3.5 Summarization: Overall assessment. On the basis of the available evidence,
we rate summarization as low utility. It can be an effective learning strategy
for learners who are already skilled at summarizing; however, many learners
(including children, high school students, and even some undergraduates) will
require extensive training, which makes this strategy less feasible. Our
enthusiasm is further dampened by mixed find-ings regarding which tasks
summarization actually helps. Although summarization has been examined with a
wide range of text materials, many researchers have pointed to fac-tors of
these texts that seem likely to moderate the effects of summarization (e.g.,
length), and future research should be aimed at investigating such factors.
Finally, although many studies have examined summarization training in the
class-room, what are lacking are classroom studies examining the effectiveness
of summarization as a technique that boosts stu-dents’ learning,
comprehension, and retention of course content.
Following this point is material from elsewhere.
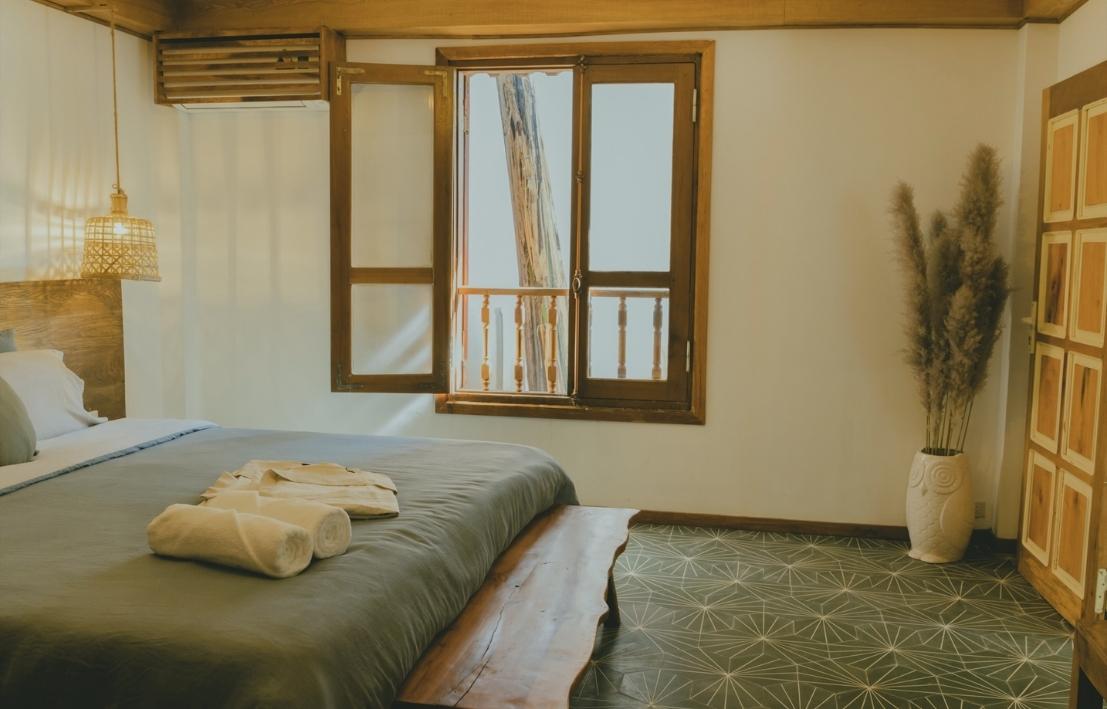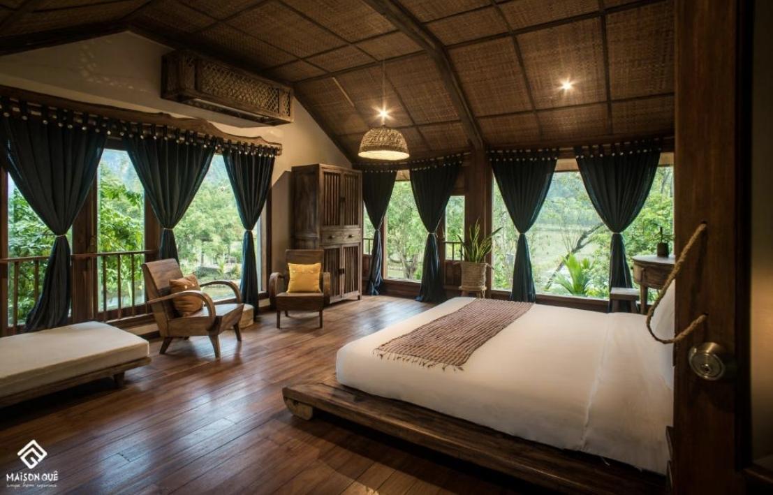 Phòng nghỉ tại Maison Quê được thiết kế mộc mạc nhưng đầy đủ tiện nghi, hướng ra khu vườn xanh mướt. Đây là nơi lý tưởng để bạn thảnh thơi ngồi đọc sách, thưởng trà hay đơn giản chỉ là đón ánh nắng mai len qua tán lá mỗi sáng.

I read through a good portion of it and they are mainly focused on k-12. The
research they cite consists of remembering facts, not understanding technical
content such as physics and math.

Getting through an advanced math textbook is nearly impossible without taking
notes and summarizing the main ideas.

------
mercuryrising
It's still sitting in a vacuum by taking notes. I think a very effective way
of remembering is by constantly linking what you're reading to what you know,
trying to fit it in your current web of knowledge. The more you read, the
bigger web you get, the more places you have where what you're currently
reading can fit.

The point of reading something isn't to memorize what you read, it's to
enhance your life. After every chapter, put the book down, and see where that
chapter fits in your mind, and go on tangents for how it would affect what
you're thinking.

------
crntaylor
Gwern wrote a lengthy blog post on improving recall[0] that is worth at least
a cursory read. As usual, it is deeply researched and well referenced. The two
main takeaways seem to be

1\. Spaced repetition works, and

2\. Intermittent testing works.

I don't think he says anything about summarization, but I'd be interested to
read a study.

[0] <http://www.gwern.net/Spaced%20repetition>

------
npsimons
I try to do this with any technical book I read, and summarize things in an
org-mode outline in Emacs while I read. It helps to have a bookstand (the
BookGem is nice). Combine this with advice from "How to Read a Book" and
follow the guidelines from "Pragmatic Programmer" of at least one technical
book every three months, and it makes for a wealth of handy notes and better
retention.

Another big helper (which works well when you're already in Emacs), is to type
in and test code examples, and force yourself to solve/work all the
exercises/problems given.

A couple of last things to look up: the PQ4R strategy and SQ3R strategy. I've
heard these are taught in England; I really wish they would teach it here in
the states early in public school.

------
Homer63132
I wrestle with this problem constantly. I love to read books, but I forget
what I read. I keep lists in google docs of what I've read, and a thought on
each book.

I've always wanted to have nested summaries of the books I've read, for review
after reading - a way to let me quickly review what I've read, or preview
books before I read them. And, there's no reason these shouldn't be sharable
among other readers.

This is my first cut at a tool to do this: www.thebooknotes.com

Some key changes and updates coming but wanted to share it with you guys now.
Thoughts and feedback always welcome

------
dmak
I found that when reading my textbooks for class, it helped a lot to take
notes and try to apply when I was learning. It helped me get a deeper meaning
and retain the material much better.

------
alokv28
For books that have an appropriate stucture [1], I like making a mind map that
I can quickly refer to later on.

[1] A lot of business books work well for this

------
jakerocheleau
I've never thought to do this but the methodology does make sense. I've been
studying Japanese for about a month and while reading through various
textbooks I'll run into so many examples of miscellaneous grammar notes which
I never thought to write down. Partially because of apathy while also
convincing myself that I'll remember it all and don't need to bother taking
notes.

But I wonder if results would differ between taking notes digitally vs
physically hand-writing with pen and paper.